I happen to believe that smoking, smoking itself, does actually cause lung cancer. There's no "absolute proof" of such a thing, and there are some good arguments out there about the science being rigged both accidentally and purposefully over the years, but overall I've always felt the evidence was strong enough to justify a causative statement. But still, the popular perception of the numbers gets exaggerated by the dunning of the Antismokers.

The figure that's usually cited is something like "87% of lung cancers occur in smokers." That much may be true, although there's some quibbling about how many of those are ex-smokers of 40 years ago. However, simply saying that 87% occur in smokers does not mean that those 87% were CAUSED by smoking. And it should always be noted that the other half of the figure, the fact that actually a fairly small percentage of smokers ever get lung cancer, should also be noted.

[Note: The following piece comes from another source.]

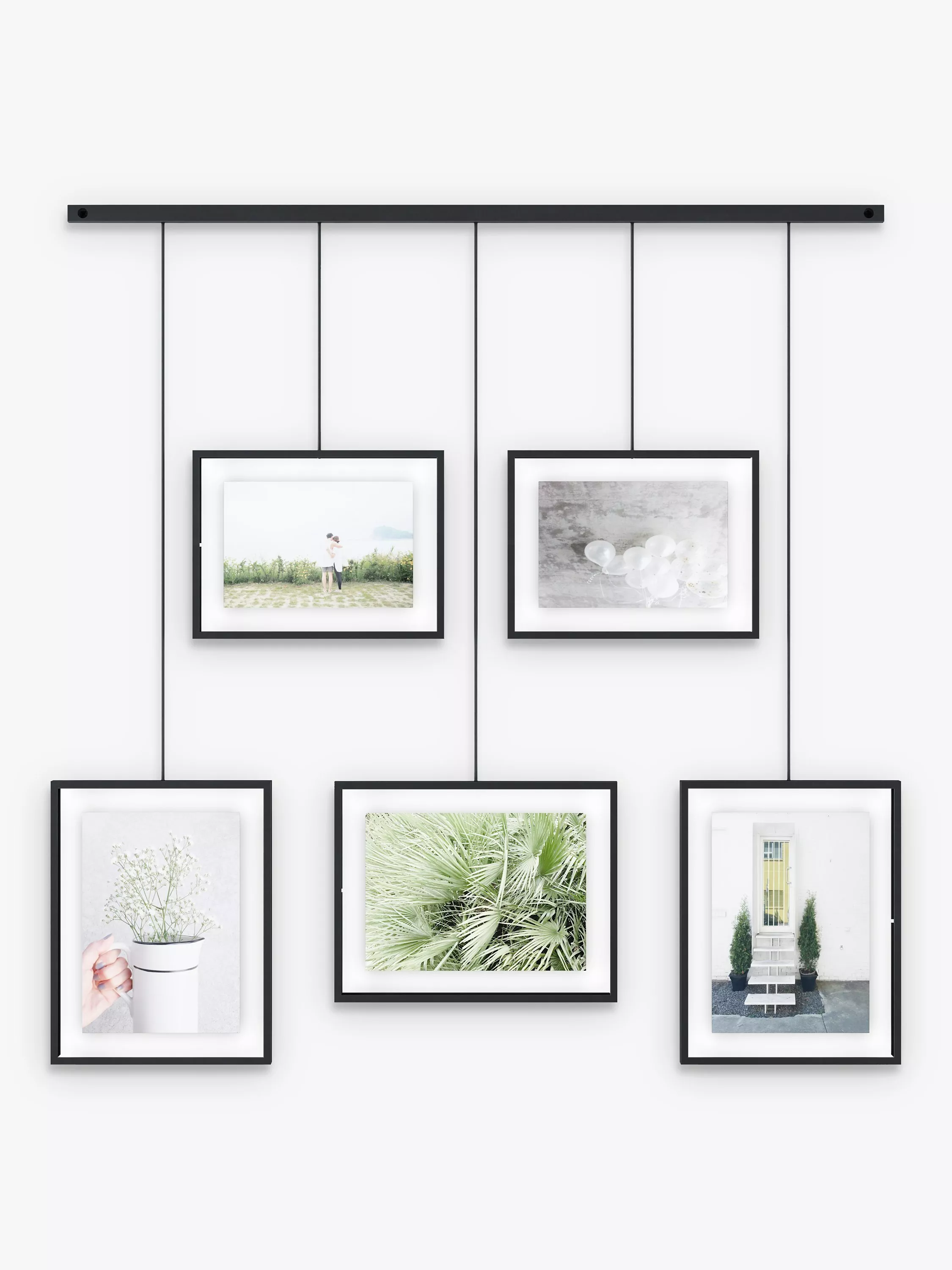 Each picture frame can be moved around the included metal beam, while the hanging rods can be interchanged to customise the frame for your wall space.

A 65 year old who's smoked 2 packs a day since they were 15 might have as much as one chance in five or ten of getting lung cancer if they live into their 80s. A 50 year old who smoked a half pack a day since they were 15 and then quits might have less than one chance in a hundred. There's a possibly (probably?) biased but nonetheless not seemingly too exaggerated "lung cancer" calculator online at:

http://www.mskcc.org/mskcc/shared/forms/Nomograms/flash/load.cfm?type=lung&width=585&height=445&title=Lung%20Cancer%20Risk%20Assessment

that supposedly gives you your lung cancer / smoking risk, but as noted, it's more likely that the numbers are exaggerated to at least some extent than that they are fair. I was surprised however at how low the estimates seemed - heh, maybe despite all my reading and writing in the area I'm *still* somewhat brainwashed by the Antismokers' constant repetition of nonsense.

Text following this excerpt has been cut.